[TASK DETAILS]: With the pictures excluded, reproduce all of the data exactly.

[SUPPLIED DATA]:
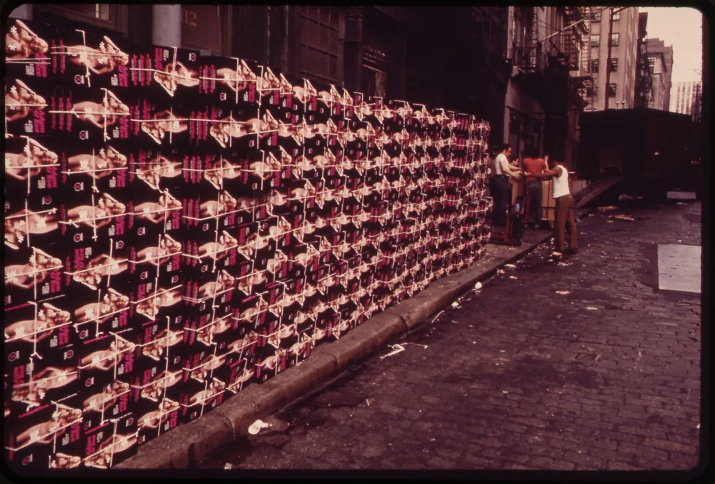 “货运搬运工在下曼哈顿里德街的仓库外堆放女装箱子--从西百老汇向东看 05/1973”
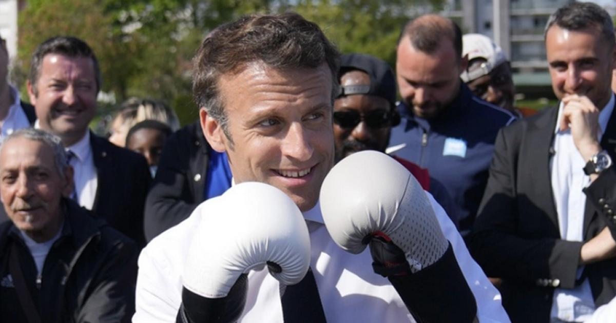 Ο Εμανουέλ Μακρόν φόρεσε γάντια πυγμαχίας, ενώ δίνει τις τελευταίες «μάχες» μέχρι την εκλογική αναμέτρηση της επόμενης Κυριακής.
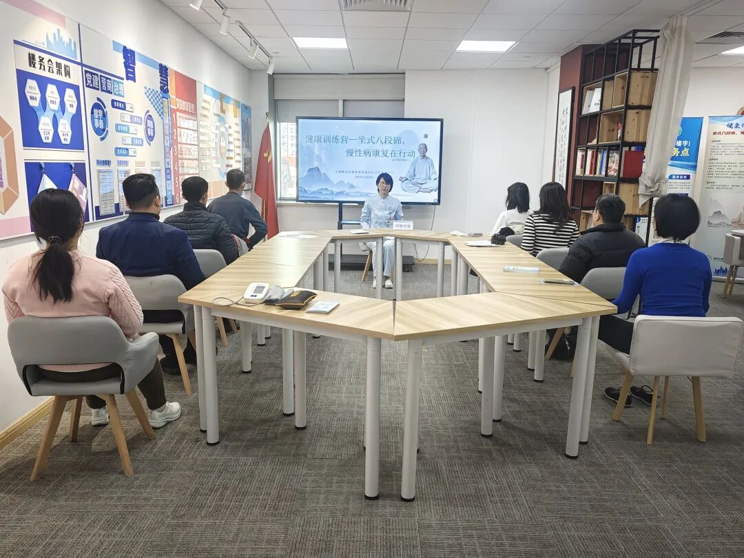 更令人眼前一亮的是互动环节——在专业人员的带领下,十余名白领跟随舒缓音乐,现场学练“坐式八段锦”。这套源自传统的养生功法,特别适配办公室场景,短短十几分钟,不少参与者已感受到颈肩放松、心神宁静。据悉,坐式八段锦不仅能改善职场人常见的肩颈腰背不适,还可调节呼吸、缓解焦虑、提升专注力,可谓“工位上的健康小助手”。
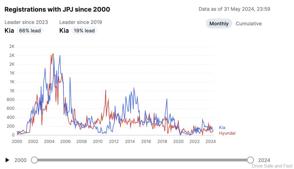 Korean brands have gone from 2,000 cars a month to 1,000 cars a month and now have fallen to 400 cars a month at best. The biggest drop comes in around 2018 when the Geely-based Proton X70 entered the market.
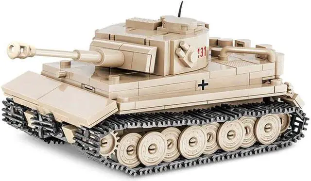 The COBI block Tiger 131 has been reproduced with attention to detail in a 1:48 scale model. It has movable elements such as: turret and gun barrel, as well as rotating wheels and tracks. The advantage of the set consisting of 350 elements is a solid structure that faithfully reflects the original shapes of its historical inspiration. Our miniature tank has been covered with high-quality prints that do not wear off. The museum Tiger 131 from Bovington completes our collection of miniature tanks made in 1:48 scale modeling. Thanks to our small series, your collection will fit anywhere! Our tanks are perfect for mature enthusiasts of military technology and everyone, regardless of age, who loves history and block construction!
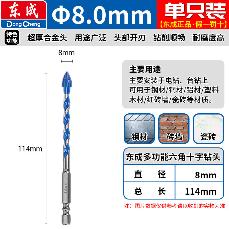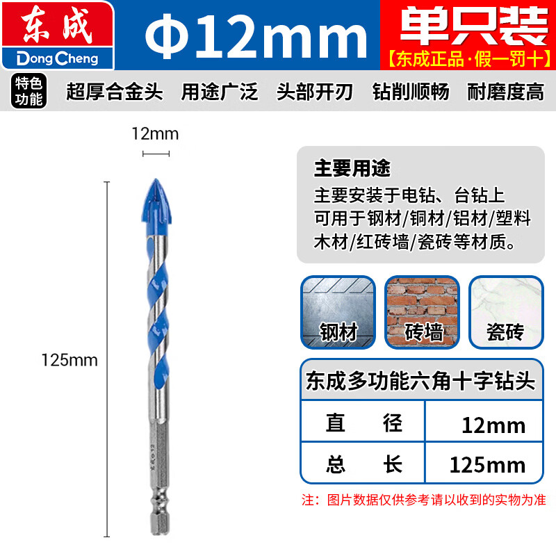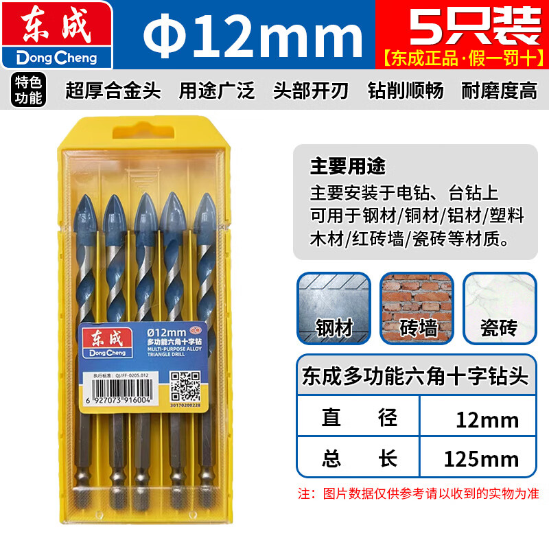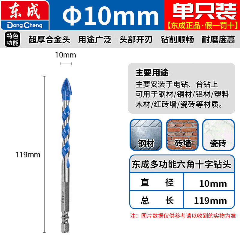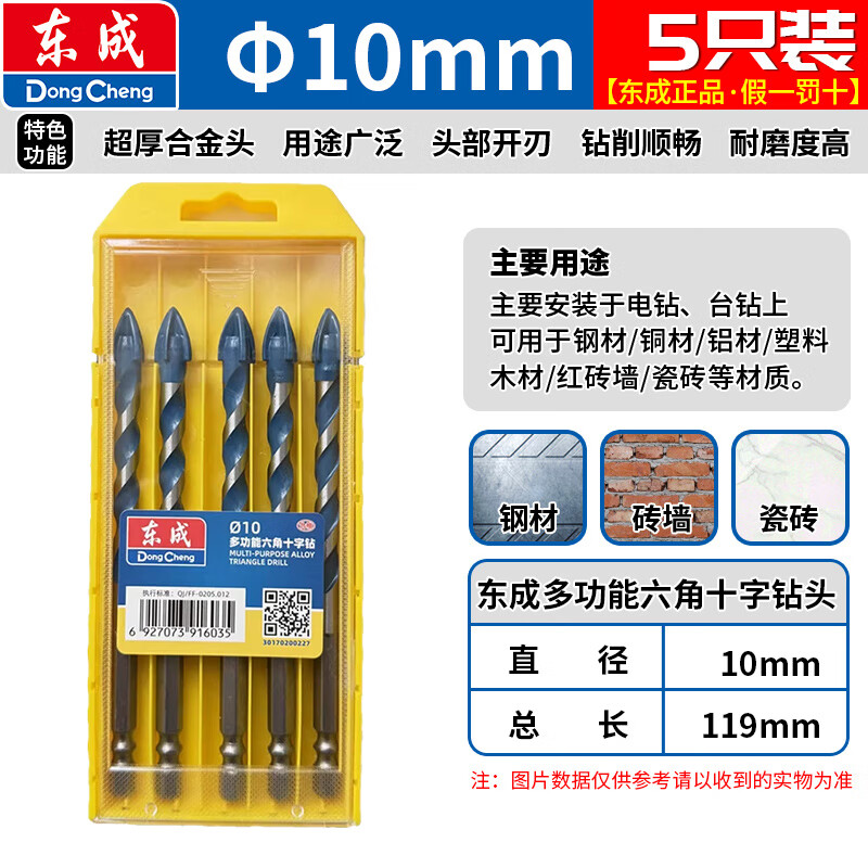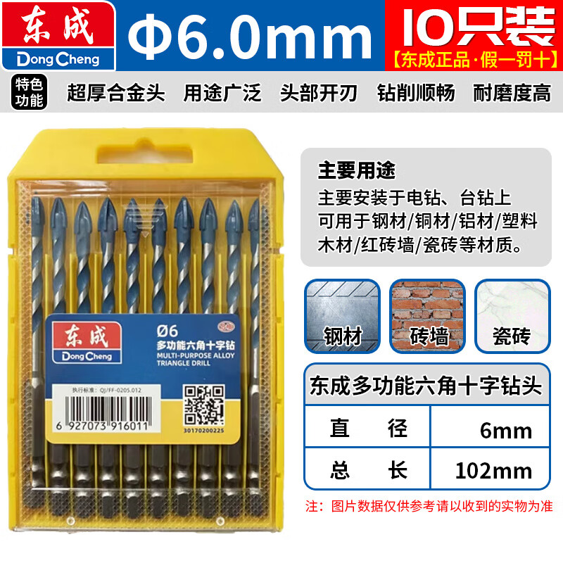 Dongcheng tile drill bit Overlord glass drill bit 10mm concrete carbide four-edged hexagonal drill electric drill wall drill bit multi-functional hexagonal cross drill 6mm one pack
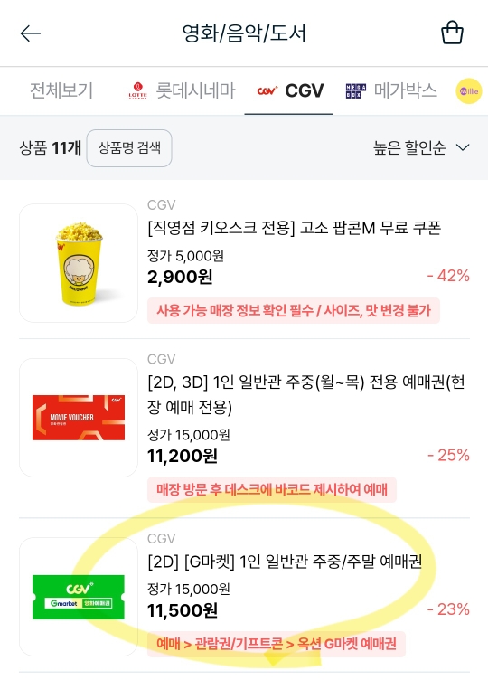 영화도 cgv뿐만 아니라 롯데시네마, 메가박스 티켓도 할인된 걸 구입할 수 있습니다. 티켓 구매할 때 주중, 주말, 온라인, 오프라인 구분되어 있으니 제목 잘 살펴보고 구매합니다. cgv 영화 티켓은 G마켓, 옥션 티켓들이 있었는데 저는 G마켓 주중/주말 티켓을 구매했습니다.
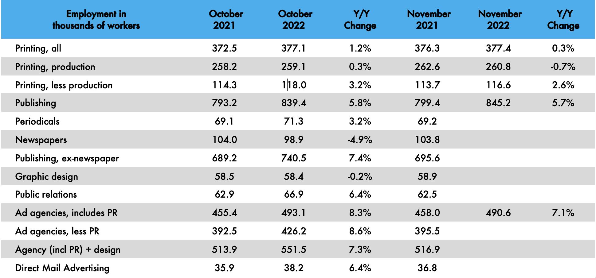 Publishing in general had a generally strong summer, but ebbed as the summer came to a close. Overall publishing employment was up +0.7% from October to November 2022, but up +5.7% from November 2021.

[SOLUTION TO THIS PROBLEM]:
 “货运搬运工在下曼哈顿里德街的仓库外堆放女装箱子--从西百老汇向东看 05/1973”
 Ο Εμανουέλ Μακρόν φόρεσε γάντια πυγμαχίας, ενώ δίνει τις τελευταίες «μάχες» μέχρι την εκλογική αναμέτρηση της επόμενης Κυριακής.
 更令人眼前一亮的是互动环节——在专业人员的带领下,十余名白领跟随舒缓音乐,现场学练“坐式八段锦”。这套源自传统的养生功法,特别适配办公室场景,短短十几分钟,不少参与者已感受到颈肩放松、心神宁静。据悉,坐式八段锦不仅能改善职场人常见的肩颈腰背不适,还可调节呼吸、缓解焦虑、提升专注力,可谓“工位上的健康小助手”。
 Korean brands have gone from 2,000 cars a month to 1,000 cars a month and now have fallen to 400 cars a month at best. The biggest drop comes in around 2018 when the Geely-based Proton X70 entered the market.
 The COBI block Tiger 131 has been reproduced with attention to detail in a 1:48 scale model. It has movable elements such as: turret and gun barrel, as well as rotating wheels and tracks. The advantage of the set consisting of 350 elements is a solid structure that faithfully reflects the original shapes of its historical inspiration. Our miniature tank has been covered with high-quality prints that do not wear off. The museum Tiger 131 from Bovington completes our collection of miniature tanks made in 1:48 scale modeling. Thanks to our small series, your collection will fit anywhere! Our tanks are perfect for mature enthusiasts of military technology and everyone, regardless of age, who loves history and block construction!
 Dongcheng tile drill bit Overlord glass drill bit 10mm concrete carbide four-edged hexagonal drill electric drill wall drill bit multi-functional hexagonal cross drill 6mm one pack
 영화도 cgv뿐만 아니라 롯데시네마, 메가박스 티켓도 할인된 걸 구입할 수 있습니다. 티켓 구매할 때 주중, 주말, 온라인, 오프라인 구분되어 있으니 제목 잘 살펴보고 구매합니다. cgv 영화 티켓은 G마켓, 옥션 티켓들이 있었는데 저는 G마켓 주중/주말 티켓을 구매했습니다.
 Publishing in general had a generally strong summer, but ebbed as the summer came to a close. Overall publishing employment was up +0.7% from October to November 2022, but up +5.7% from November 2021.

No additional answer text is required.